Now, as a result of Donald Trump’s One Big Beautiful Bill Act, the tax credit is set to expire at the end of 2025, and home solar companies face another cliff. Installers are racing to complete projects for customers wanting to take advantage of the tax credit while they still can, even as they face some major headwinds in the process. After that, the industry will have to figure out how to adapt to a very different solar landscape in the coming year.
“It’s a mad rush and it’s crazy,” Murray says.
It wasn’t supposed to be like this; solar companies and their customers thought they’d have the credit for much longer. The 2005 Energy Policy Act reestablished a solar federal tax credit in the US, which the 2022 Inflation Reduction Act (IRA) expanded and extended until 2035. That gave a residential solar customer an income tax credit equal to 30 percent of the cost of installation.
This year, the Trump administration has taken a wrecking ball to the IRA, which was the Biden administration’s signature climate and clean energy bill, as part of President Trump’s pro-fossil-fuel agenda. The Republican-controlled Congress voted in July to wind down the home solar tax credit by the end of the year.
Initially, that led to a spike in customers rushing to install home solar systems before the tax credit goes away. EnergySage, a nationwide solar marketplace in the US, says it saw a 205 percent year-over-year increase in homeowners communicating with installers on their platform after the Republican spending bill passed in July. That trend was echoed by Murray, who is also president of the Northern California-based company Aztec Solar, and other installers The Verge contacted. “It increased sales immensely, and so we have a rush to the end,” Murray says.

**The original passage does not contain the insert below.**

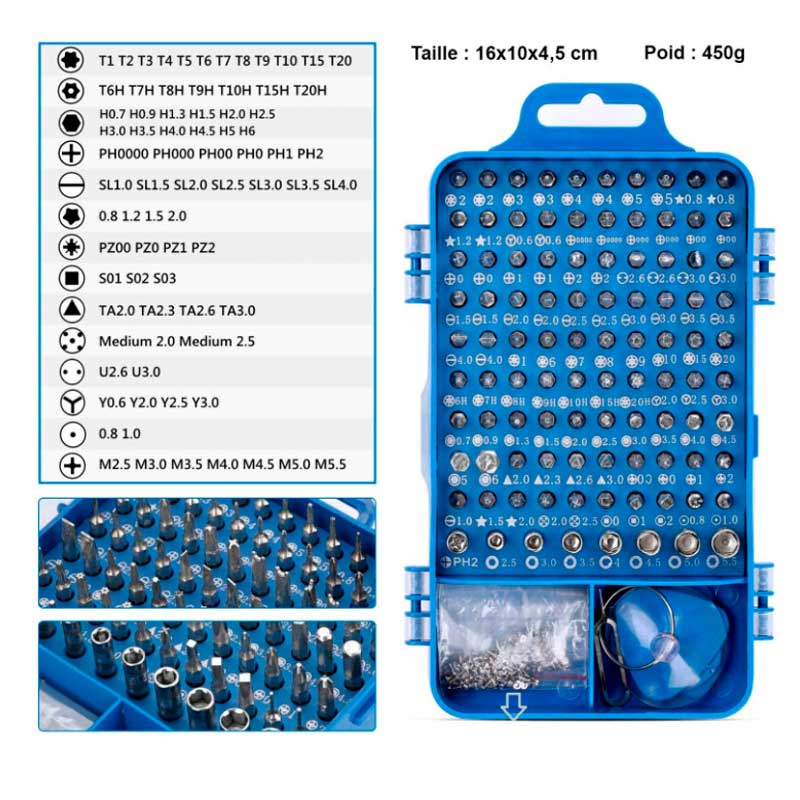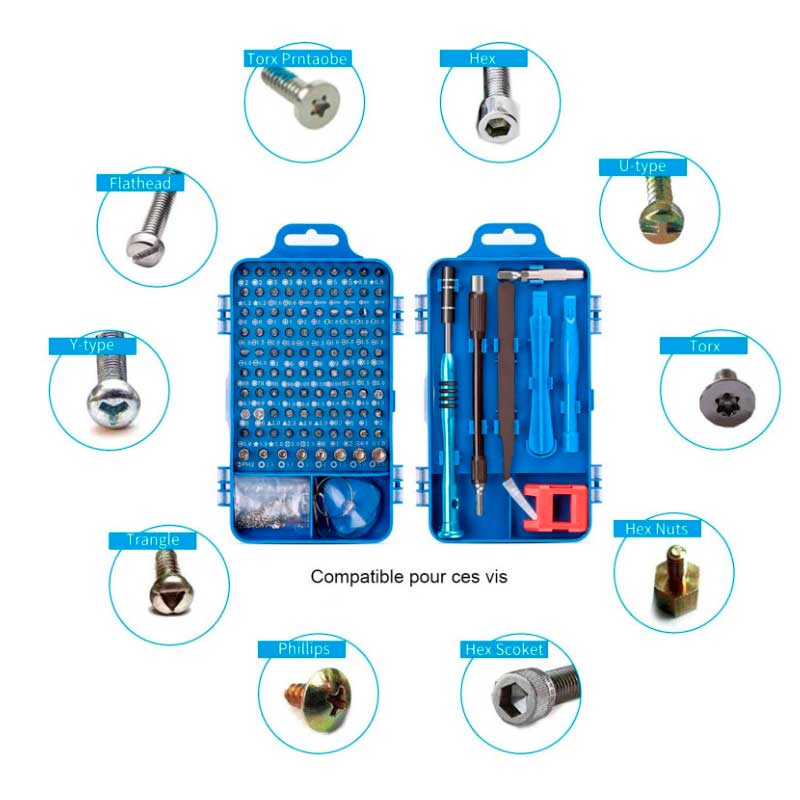 Que vous soyez un professionnel ou un passionné de réparation, ce kit de tournevis de précision 110 en 1 est l’outil idéal pour démonter et réparer smartphones, tablettes, ordinateurs et autres appareils électroniques.
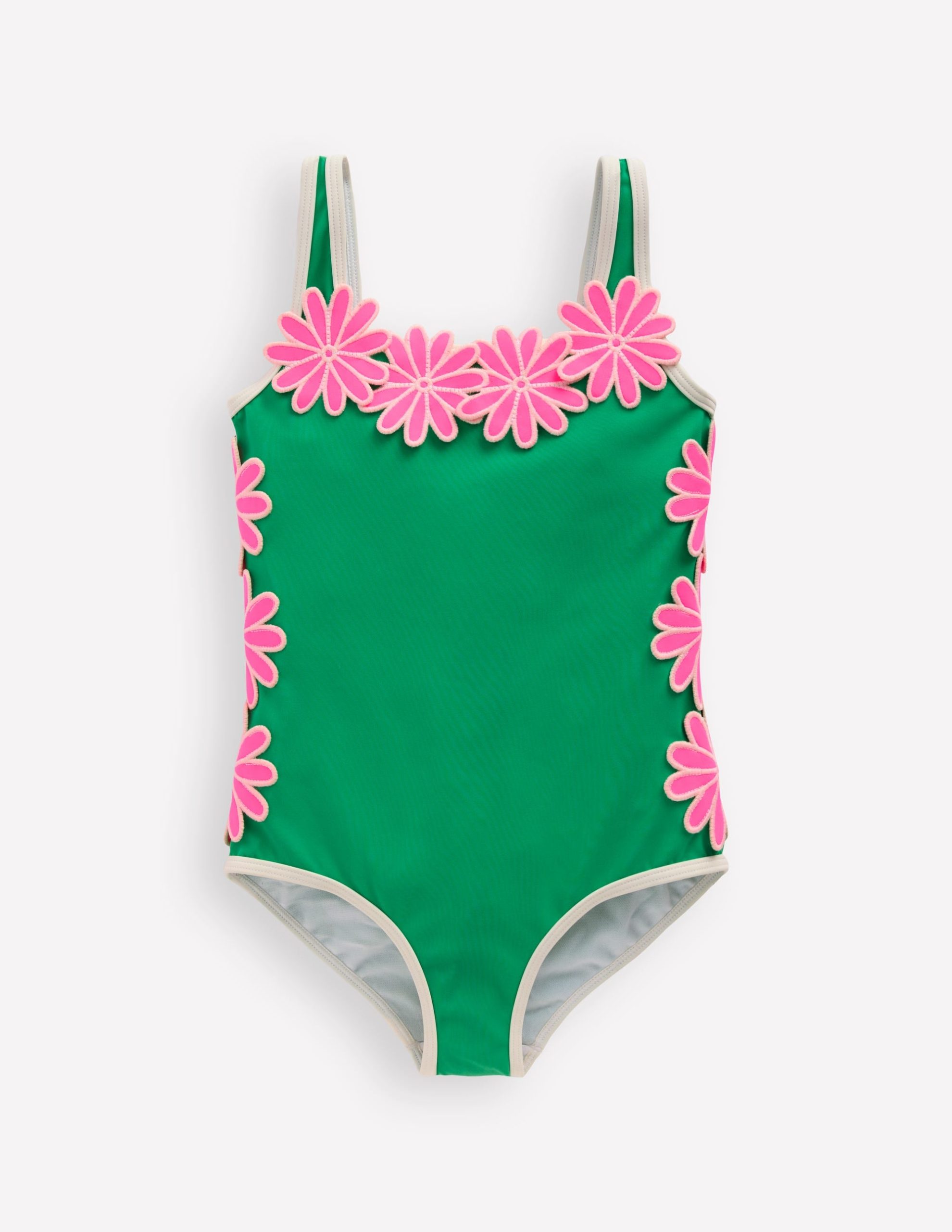 Appliqu?? Swimsuit-Pea Green/Sorbet Pink Daisy

The surge in demand, however, has also come with bigger headaches for solar companies who say they now have to work with local permitting offices and utilities similarly scrambling to keep up with the sudden onslaught of installation applications. The lead time to secure a permit has doubled since August to about four to eight weeks for Northern California company Vital Energy Solutions, according to its director of sales and marketing, Kevin McGuire.